Du côté des célébrations, c’est parti depuis la semaine dernière, avec un party informel de fin de session avec les profs d’anglais du collège. Une rumeur circule à l’effet que les dirigeants du collège vont nous convier à un repas à l’occidentale pour célébrer Noël, mais fidèles à leur habitude de lancer les invitations à la dernière minute (typiquement, le jour même!), nous attendons encore! Nous avons aussi eu de la visite du Québec, Danielle et Geneviève, qui ont fait un saut de deux jours à Kunming. Elles sont reparties à Suzhou rejoindre Pierre-Louis, le fils de Danielle et le frère de Geneviève, organiser une grosse bouffe traditionnelle québécoise (ragoût de boulette et dinde) au café où Pierre-Louis travaille, le Bookworm.
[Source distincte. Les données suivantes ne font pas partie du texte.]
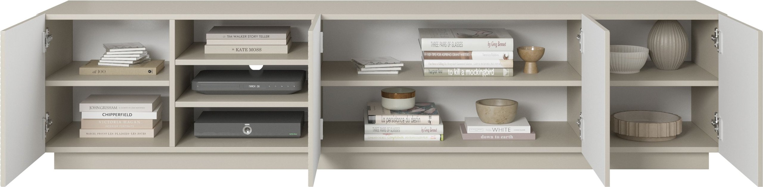 TV komoda Asha 200 5D odlično se uklapa s ostalim elementima iste kolekcije ili s minimalističkim namještajem u sličnim tonovima. Zbog svoje umjerene visine i dužine, prikladna je za prostrane dnevne sobe, ali se može koristiti i kao niska jedinica za pohranu u predsoblju ili spavaćoj sobi. Njezine čiste linije i neutralna boja omogućuju da se stopi s okolinom bez preuzimanja pažnje, a istovremeno djeluje kao elegantan naglasak modernog interijera.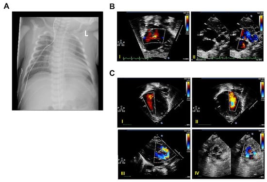 Clinical features of proband B. (A) Representative chest X-ray on day of life 0 (DOL 0) showing cardiomegaly. L: Left. (B) Representative echocardiography images on DOL 0. (I) Color Doppler image across the intra-atrial communication after atrial balloon septoplasty; (II) Color Doppler image showing patent ductus arteriosus. (C) Representative echocardiography images on DOL 6. (I,II) Color Doppler images across the tricuspid valve (I) and the mitral valve (II); (III) Color Doppler image of aortic arch after arterial switch operation; (IV) B-mode and color doppler images of branch pulmonary arteries after arterial switch operation.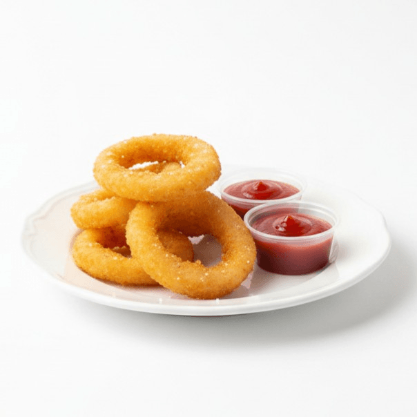 Golden Crispy Onion Rings "Perfectly battered and fried to a golden crisp. Served with two sides of rich tomato ketchup for the ultimate dipping experience.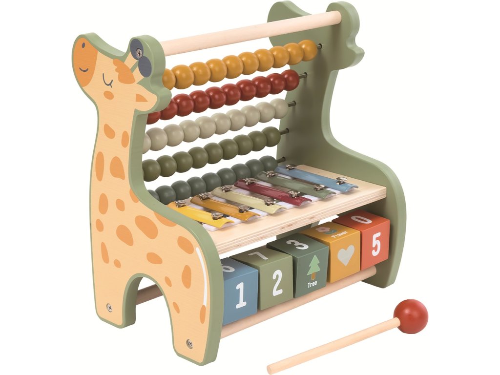 Počítadlo a xylofon jsou propojené hračky, které nabízejí dětem možnost objevovat rytmus a zvuky, rozvíjet motorické dovednosti a seznámit se s čísly a počítáním. Barevné počítadlo s motivem usměvavé žirafy zaujme každé dítě. Má 7 řad barevných korálků pro první počítání a řadu otočných kostek s čísly a obrázky, které podporují rozpoznávání tvarů, čísel a barev. Na xylofonu s barevnými klávesami si děti mohou pomocí přiložené paličky přehrát své první melodie. Ideální hračka pro rozvoj smyslů, motorických dovedností i hudebního cítění. Nejedná se o hudební nástroj, ale pouze o hračku. Hlavní vlastnosti: 2 dílypočítadlo a xylofon v jednomúvod do světa zvuků a rytmuseznámení s čísly a počítáním rozvíjí smyslové vnímání a motorické dovednostivhodné pro děti od 2 letDoplňkové parametry

À Kunming aussi, certains restos organisent des repas de Noël traditionnels à la dinde et nous avons déjà réservé pour le 24 et le 25.

Le 25 décembre, nous avons la chance de passer Noël en famille avec Paul Doyon, le petit cousin de Peter, sa femme Chihiro et son fils de 6 ans, Joshua. Incroyable mais vrai : Peter a un cousin qui enseigne l’anglais à Kunming (leurs parents étaient cousins propres)! Ils ne s’étaient jamais rencontrés et se sont trouvés grâce à Internet. L’été dernier, Paul avait publié une annonce pour un logement à louer, Peter lui a écrit et en voyant que c’était un Doyon, lui a demandé s’il avait de la parenté au Québec. De fil en aiguille, ils ont découvert leur lien de parenté! Paul est d’origine américaine et il a vécu au Japon pendant 17 ans, avant de bourlinguer à travers le monde et d’aboutir à Kunming. Nous nous voyons régulièrement depuis septembre, les deux gamins s’entendent comme larrons en foire et nous allons certainement garder contact après notre départ de Kunming.
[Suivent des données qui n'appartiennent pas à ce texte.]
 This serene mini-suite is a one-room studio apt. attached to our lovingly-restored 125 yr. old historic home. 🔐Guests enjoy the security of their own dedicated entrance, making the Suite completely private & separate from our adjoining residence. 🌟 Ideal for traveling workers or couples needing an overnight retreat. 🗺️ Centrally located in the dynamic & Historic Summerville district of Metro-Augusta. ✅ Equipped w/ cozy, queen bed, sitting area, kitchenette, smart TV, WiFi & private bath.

Nous allons aussi participer à nos partys de famille québécois, en parlant aux Bérubé (du côté de Myriam) le 24 décembre et aux Doyon (du côté de Peter) le 25. Avec 13 heures de décalage, nous serons un jour plus tard en après-midi pendant que ce sera la veille au Québec. Grâce à l’application Skype, nous pourrons parler à tout le monde gratuitement… aussi longtemps que nous voulons.

Le 4 janvier, au lieu de rentrer travailler comme il le ferait au Québec, Peter tombe en vacances pour deux mois! Ce sera le Nouvel An chinois le 7 février et la deuxième session de cours ne débute qu’au début de mars. Nous partons un mois au Vietnam, puis un mois à Bali, avec un arrêt en Malaysie s’il nous reste du temps.

Pour l’instant, nous vous souhaitons à tous de joyeuses fêtes et une nouvelle année pleine de joie, d’amour, de santé et de rêves réalisés!